Außerordentliche kündigung mietvertrag durch vermieter bgb

Auch in Deutschland geht der Ausgangspunkt davon aus, dass der Vermieter, wenn er nach einiger Zeit an der Rücknahme seines Grundstücks interessiert ist, den Vertrag für eine bestimmte Zeit *43 abschließen sollte und das Recht des Vermieters, einen mietvertragsveröhnten Mietvertrag zu kündigen, der für eine unbestimmte Laufzeit (bei gewöhnlicher Kündigung mit Kündigung) geschlossen wurde, auf das Bestehen eines berechtigten Interesses beruht. *44 Dieser Zustand ist absolut. Ein berechtigtes Interesse besteht, ohne Einschränkung, in fällen, in denen der Vermieter die Räumlichkeiten als Wohnung für sich selbst, seine Familienangehörigen oder seine Haushaltsmitglieder benötigt. *45 Cornelius und Rzeznik haben erklärt, dass die deutsche Rechtsprechung bei der Auslegung von Familie und Haushalt eine weit gefasste Definition angewandt habe; der Vermieter sollte jedoch immer in der Lage sein, einen echten Bedarf an der Wohnung nachzuweisen. Es besteht die Verpflichtung, dem Mieter Ersatzunterkünfte anzubieten, wenn im selben Gebäude geeignete Wohnungen mit vergleichbarer Miete zur Verfügung stehen. Schließlich, und das ist das Wichtigste, wird die Kündigung aus Gründen der persönlichen Bedürfnisse letztlich als Rechtsmissbrauch angesehen, wenn der Vermieter seine Bedürfnisse zum Zeitpunkt des Abschlusses des Mietvertrages hätte vorhersehen können. Diese Schutzbestimmungen stehen dem Mieter jedoch nur für die ersten drei Mietjahre zur Verfügung. *46 Seit 2001 ist die Kündigungsfrist für Vermieter an die Dauer des Mietverhältnisses von drei bis neun Monaten geknüpft. *47 Die Rechtsvorschriften aller drei baltischen Staaten enthalten besondere Vorschriften für Mietverträge für Wohnimmobilien. In Estland sind Mietverträge als besondere Art von Mietverträgen in den Bestimmungen des Gesetzes über das Obligationenrecht *14 (LOA) geregelt.

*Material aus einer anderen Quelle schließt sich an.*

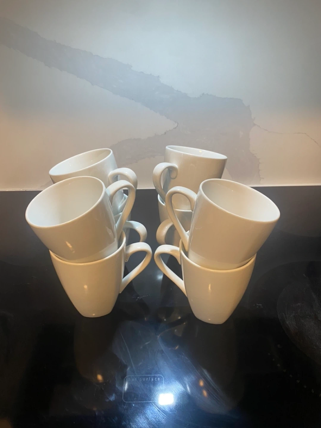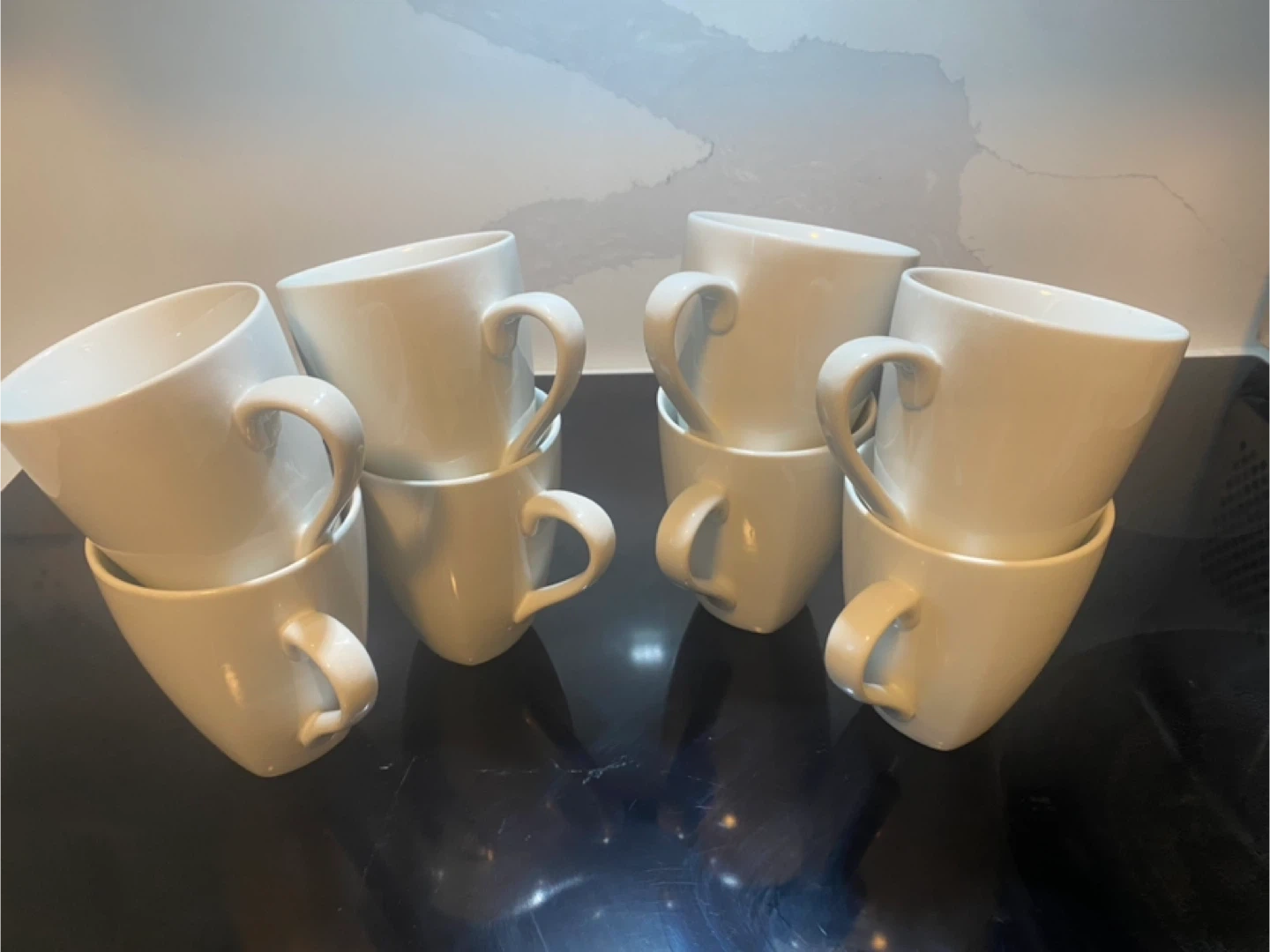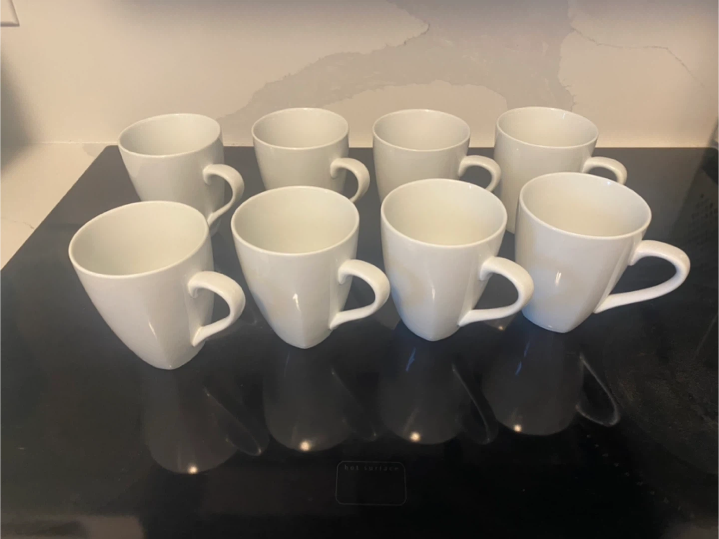 Selling a set of eight simple white coffee mugs. They're in great condition and ready for your morning coffee or tea! Perfect for a small gathering or to complete your kitchen collection.

In Lettland regelt ein Sondergesetz, das Gesetz über Wohnmieten (LRT) *15 , Wohnmietverträge. Als lex generalis gilt das lettische Zivilrecht *16 für Die Angelegenheiten, die nicht unter das Sondergesetz fällt. Die mangelnde Kohärenz zwischen den Normen lex specialis und lex generalis wurde als Grund für widersprüchliche Rechtsprechung und rechtliche Kommentare angeführt.*17 In Litauen sind Mietverträge für Wohnmieten durch das Bürgerliche Gesetzbuch (CC)*18 geregelt, in seinem speziellen Kapitel XXXI (“Wohnungsmiete”) als lex specialis in Bezug auf Kapitel XXVIII (“Leasing”) und den Allgemeinen Teil des Bürgerlichen Gesetzbuches. Es wird davon ausgegangen, dass sich die Umstände, die die Grundlage des betroffenen Mietvertrages bilden, nach Abschluss der Vereinbarung so stark geändert haben, dass die Parteien die Vereinbarung nicht oder mit einem anderen Inhalt geschlossen hätten, wenn diese Änderung vorhersehbar gewesen wäre. Darüber hinaus muss es für eine Partei unzumutbar sein, sich unter Berücksichtigung aller Umstände des konkreten Falles an den unveränderten Vertrag zu halten. In diesem Zusammenhang ist vor allem entscheidend, wer das Risiko der Störung trägt. In der folgenden Analyse geht es um die Frage: Unter welchen Bedingungen kann ein Mietvertrag vom Vermieter gekündigt werden, wenn der Mieter die vertraglichen Verpflichtungen erfüllt und die Wohnung selbst in einem guten Zustand ist? Die wesentlichen Elemente dieser Frage betreffen 1) geeignete Kündigungsgründe, 2) die Frist für die Vorankündigung und 3) mögliche Schadensansprüche. In Bezug auf geeignete Gründe werden insbesondere die Notwendigkeit für den Vermieter, sich selbst oder ein Familienmitglied unterzubringen, und das Interesse des Vermieters, die Miete zu erhöhen oder die Absicht, die Immobilie so zu verkaufen, dass sie frei vom Besitz des Mieters ist, auf den Prüfstand gestellt.